§ PROBLEM DESCRIPTION: Transcribe the data exactly. Pictures stay out.

§ PROVIDED MATERIAL:
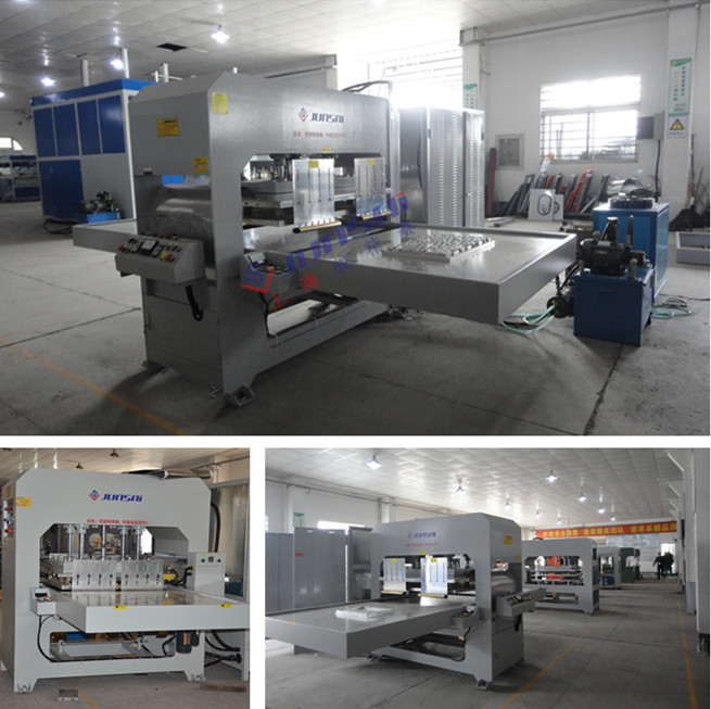 4. 高周波壓花機(jī)采用機(jī)頭,壓力輕重可任意調(diào)節(jié),設(shè)計(jì)利用肘節(jié)推動(dòng)杠桿原理,能使壓力均勻,上落平穩(wěn),以配合不同熔接深淺度的需要,特別適合用于難對(duì)位產(chǎn)品。
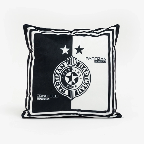 Jastučić Partizan 45x45 – crno-beli dizajn sa grbom i natpisom “Crno-beli, dajte gol”. Mekan pliš i periva navlaka za pravi navijački stil!
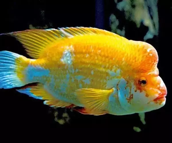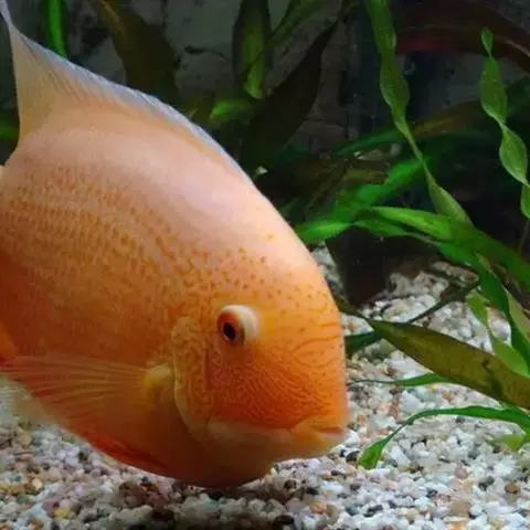 火鹤鱼,热带鱼,鱼学名:Cichlasoma citrinellum 别名寿星头、寿星鱼,原产中美洲的尼加拉瓜、哥斯达黎加等地,属慈鲷科丽体鱼属,体长20-30cm,体形类似金鱼。头大,头顶上方生有一个明显的圆形肉瘤,与众不同。体色粉红,幼鱼体色灰黑,成鱼变成火红色,体色多变,有时体色橘红或黄色。饲养水温22-28℃,饵料有鱼虫、水蚯蚓、小活鱼等。繁殖水温27-29℃,水质是弱酸性软水,亲鱼性成熟6-8个月,雄鱼头顶肉瘤较大,体色鲜红似火,雌鱼体色较淡,每次产卵200-500粒,以平滑岩石或大理石板作产巢。
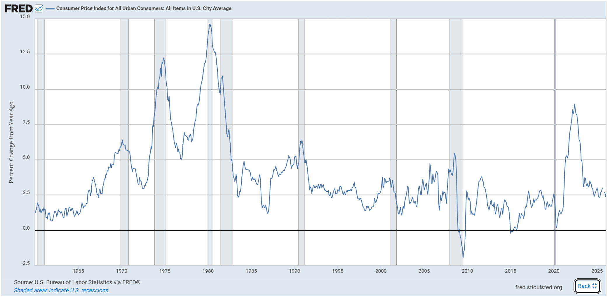 Per misurare questo fenomeno si utilizza spesso il Consumer Price Index (CPI), cioè l’indice dei prezzi al consumo. La Figura 1 mostra proprio l’andamento dell’inflazione statunitense su base annua.

§ FINAL ANSWER:
 4. 高周波壓花機(jī)采用機(jī)頭,壓力輕重可任意調(diào)節(jié),設(shè)計(jì)利用肘節(jié)推動(dòng)杠桿原理,能使壓力均勻,上落平穩(wěn),以配合不同熔接深淺度的需要,特別適合用于難對(duì)位產(chǎn)品。
 Jastučić Partizan 45x45 – crno-beli dizajn sa grbom i natpisom “Crno-beli, dajte gol”. Mekan pliš i periva navlaka za pravi navijački stil!
 火鹤鱼,热带鱼,鱼学名:Cichlasoma citrinellum 别名寿星头、寿星鱼,原产中美洲的尼加拉瓜、哥斯达黎加等地,属慈鲷科丽体鱼属,体长20-30cm,体形类似金鱼。头大,头顶上方生有一个明显的圆形肉瘤,与众不同。体色粉红,幼鱼体色灰黑,成鱼变成火红色,体色多变,有时体色橘红或黄色。饲养水温22-28℃,饵料有鱼虫、水蚯蚓、小活鱼等。繁殖水温27-29℃,水质是弱酸性软水,亲鱼性成熟6-8个月,雄鱼头顶肉瘤较大,体色鲜红似火,雌鱼体色较淡,每次产卵200-500粒,以平滑岩石或大理石板作产巢。
 Per misurare questo fenomeno si utilizza spesso il Consumer Price Index (CPI), cioè l’indice dei prezzi al consumo. La Figura 1 mostra proprio l’andamento dell’inflazione statunitense su base annua.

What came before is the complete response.